## PROBLEM TO WORK ON
Return exactly the lines below, starting with the one that has "Pinceaux en soie" and going on through the one that has "话费、流量、余额、账单等随时查,流量包、大流量套餐、宽带等一键办理。".

## DATASET RECORDS

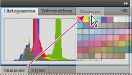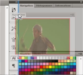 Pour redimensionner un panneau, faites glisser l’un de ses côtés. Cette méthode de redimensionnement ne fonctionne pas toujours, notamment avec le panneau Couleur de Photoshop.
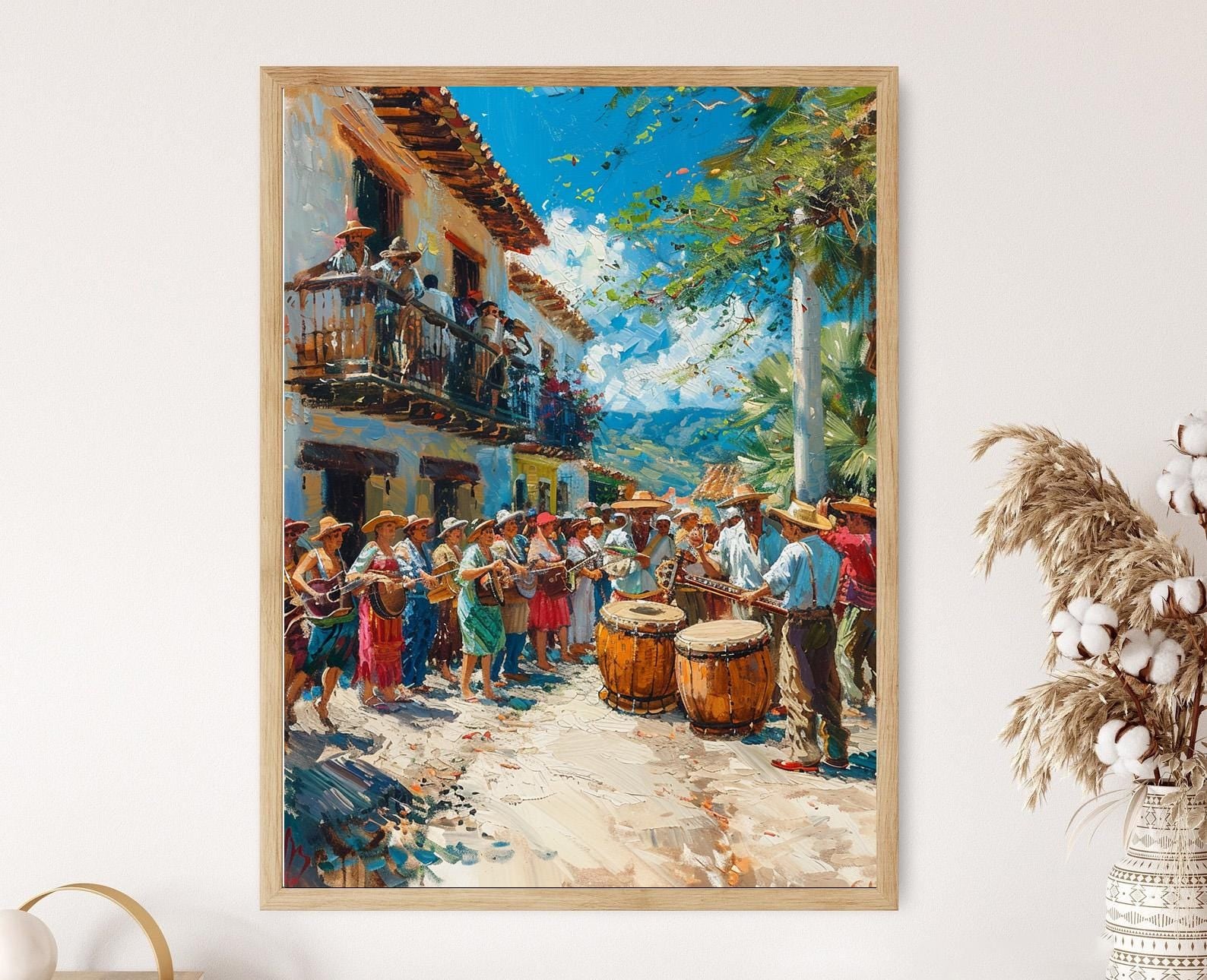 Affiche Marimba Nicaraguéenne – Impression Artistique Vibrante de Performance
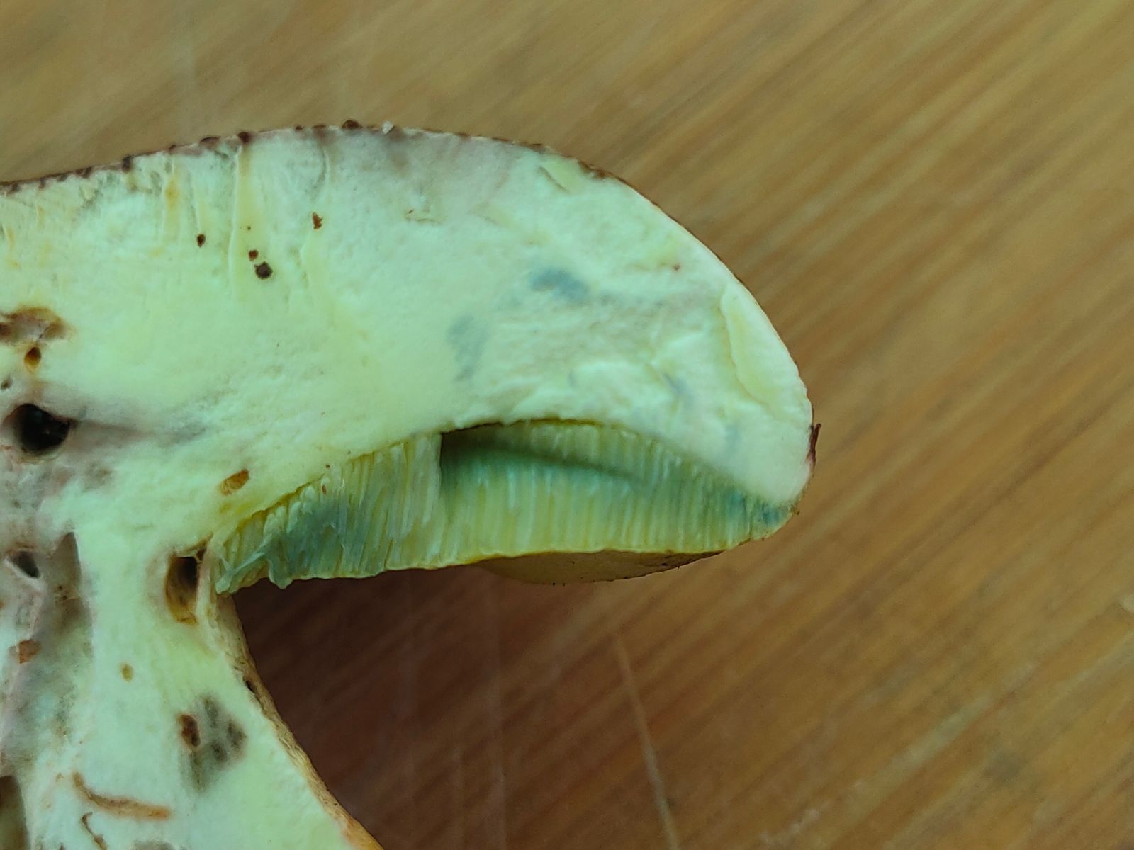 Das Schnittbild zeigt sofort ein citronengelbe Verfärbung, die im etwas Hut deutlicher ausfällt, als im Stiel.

...

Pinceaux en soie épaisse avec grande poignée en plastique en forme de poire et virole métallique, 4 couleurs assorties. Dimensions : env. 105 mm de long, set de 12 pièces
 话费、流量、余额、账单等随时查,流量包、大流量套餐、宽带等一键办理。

---

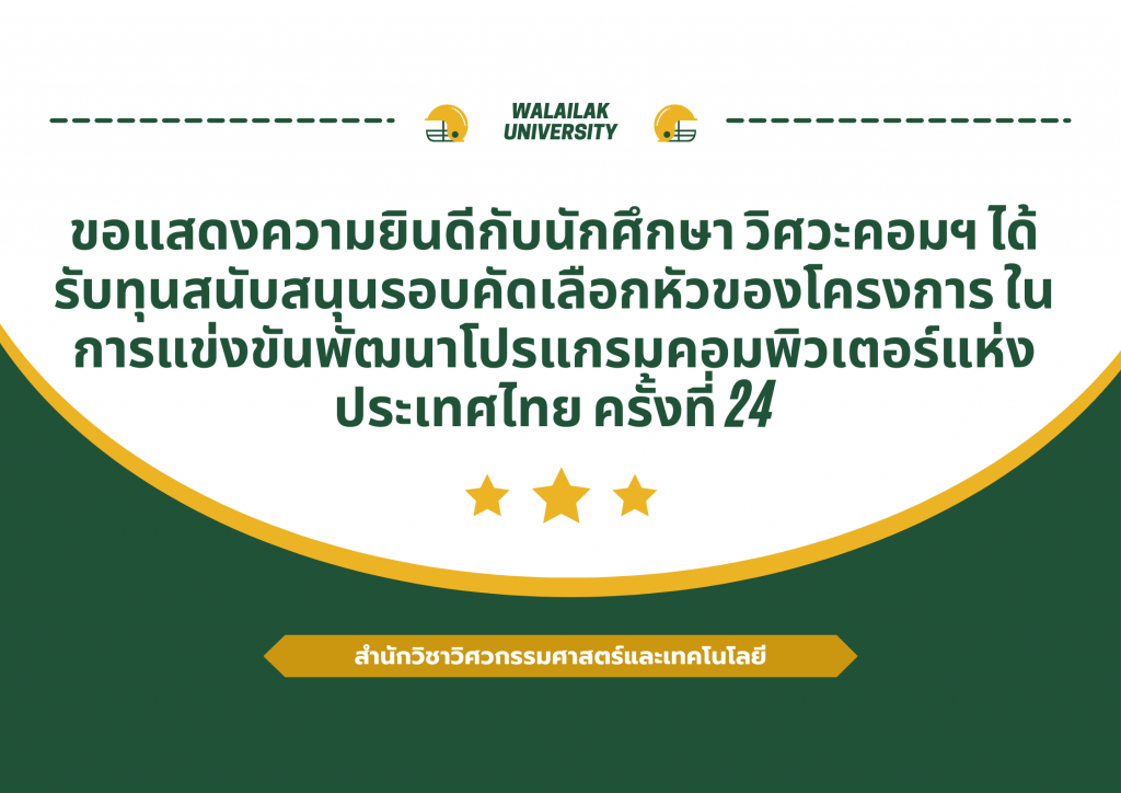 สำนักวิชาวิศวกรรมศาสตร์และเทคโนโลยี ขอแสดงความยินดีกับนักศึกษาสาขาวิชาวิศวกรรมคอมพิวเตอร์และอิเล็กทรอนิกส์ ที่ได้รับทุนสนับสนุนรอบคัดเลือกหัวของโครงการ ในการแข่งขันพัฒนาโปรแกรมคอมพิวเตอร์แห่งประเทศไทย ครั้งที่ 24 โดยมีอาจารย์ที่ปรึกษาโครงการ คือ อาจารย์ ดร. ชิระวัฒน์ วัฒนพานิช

## SOLUTION
Pinceaux en soie épaisse avec grande poignée en plastique en forme de poire et virole métallique, 4 couleurs assorties. Dimensions : env. 105 mm de long, set de 12 pièces
 话费、流量、余额、账单等随时查,流量包、大流量套餐、宽带等一键办理。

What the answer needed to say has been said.